[Collected data]
>>>>>
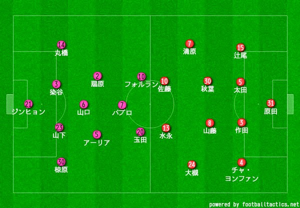 | 野垣内→遠藤(72') 益山→レオミネイロ(80') | 交代 | 玉田→茂庭(70') 長谷川→橋本(90'+4) |
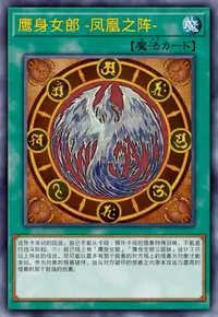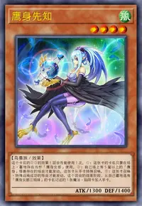 ①:从自己墓地的「鹰身女郎」「鹰身女郎三姐妹」之中以合计3只为对象才能发动。那些卡加入卡组洗切。那之后,自己从卡组抽1张。自己场上有5星以上的「鹰身」怪兽存在的状态发动的场合抽出的数量变成2张。这张卡的发动后,直到回合结束时自己不是风属性怪兽不能特殊召唤。
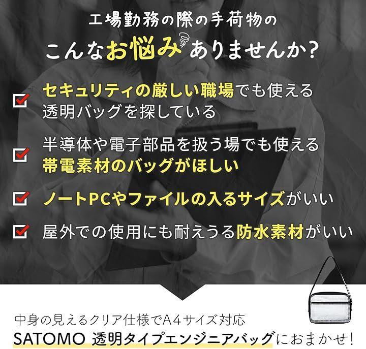 工場から日常使いまで幅広く活躍。透明&帯電防止の多機能エンジニアバッグです。
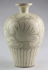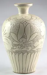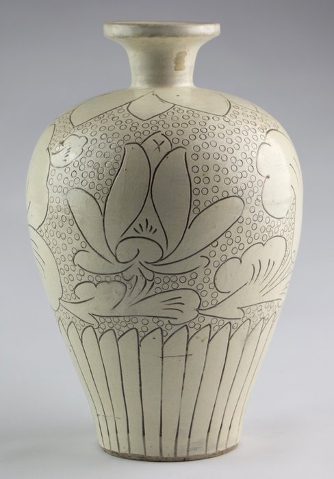 Grote Chinese 20e eeuws steengoed Cizhou Sgraffito ingesneden lotus design vaas.
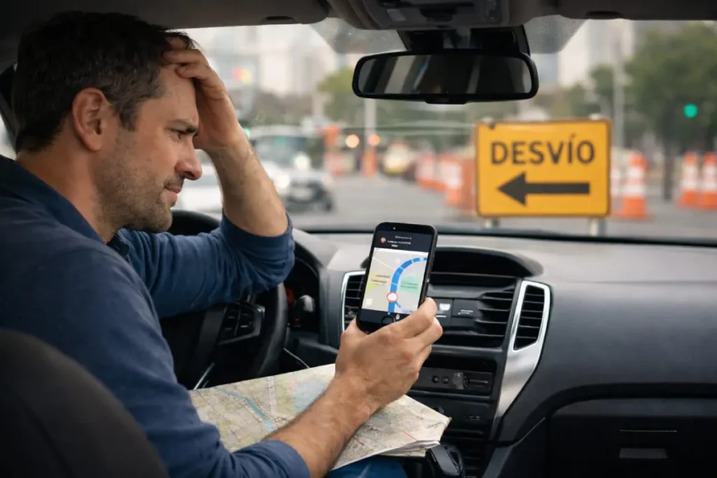 Se bloquea cuando aparece un cambio o desvío pequeño. Una obra, un cierre, un trancón o una entrada distinta bastan para desorientarlo por completo.
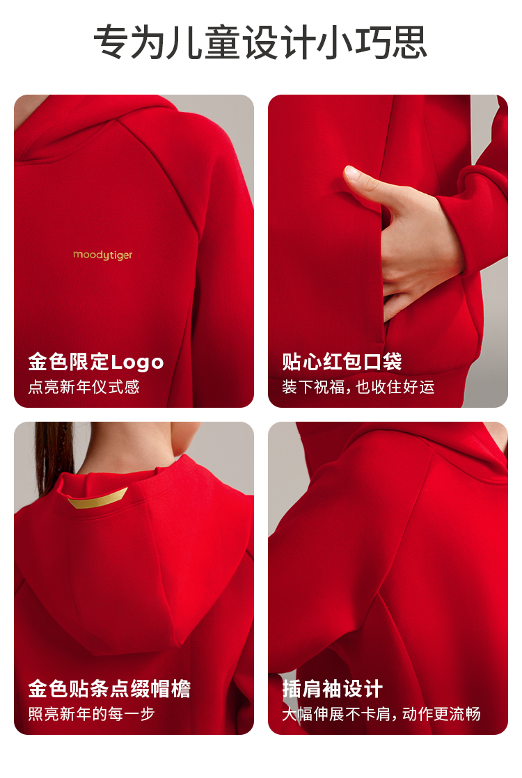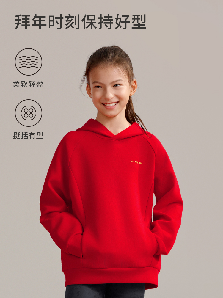 【新年系列】moodytiger儿童奶芙卫衣连帽新年保暖中国风61510302
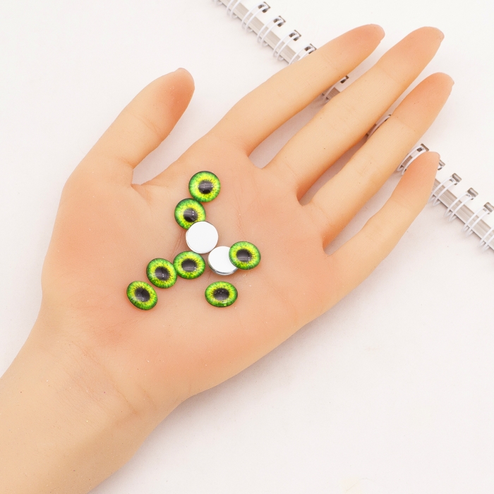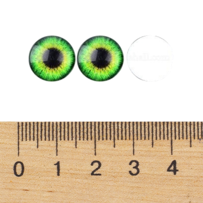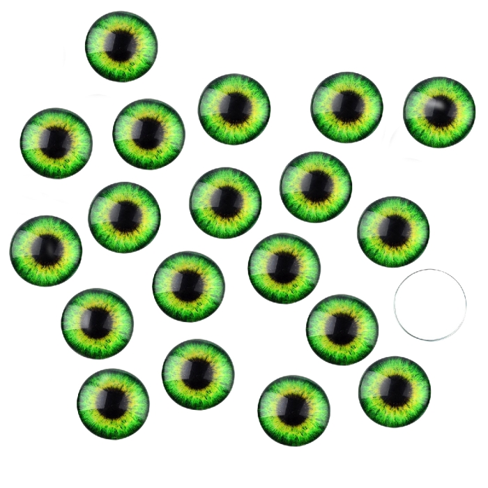 Кабошоны Глазки Стеклянные Круглые, Зеленый Газон, 12х4мм, (УТ100027914)
<<<<<
Leave images out of the retyped records; keep all else exact.

#### YOUR RESPONSE
 | 野垣内→遠藤(72') 益山→レオミネイロ(80') | 交代 | 玉田→茂庭(70') 長谷川→橋本(90'+4) |
 ①:从自己墓地的「鹰身女郎」「鹰身女郎三姐妹」之中以合计3只为对象才能发动。那些卡加入卡组洗切。那之后,自己从卡组抽1张。自己场上有5星以上的「鹰身」怪兽存在的状态发动的场合抽出的数量变成2张。这张卡的发动后,直到回合结束时自己不是风属性怪兽不能特殊召唤。
 工場から日常使いまで幅広く活躍。透明&帯電防止の多機能エンジニアバッグです。
 Grote Chinese 20e eeuws steengoed Cizhou Sgraffito ingesneden lotus design vaas.
 Se bloquea cuando aparece un cambio o desvío pequeño. Una obra, un cierre, un trancón o una entrada distinta bastan para desorientarlo por completo.
 【新年系列】moodytiger儿童奶芙卫衣连帽新年保暖中国风61510302
 Кабошоны Глазки Стеклянные Круглые, Зеленый Газон, 12х4мм, (УТ100027914)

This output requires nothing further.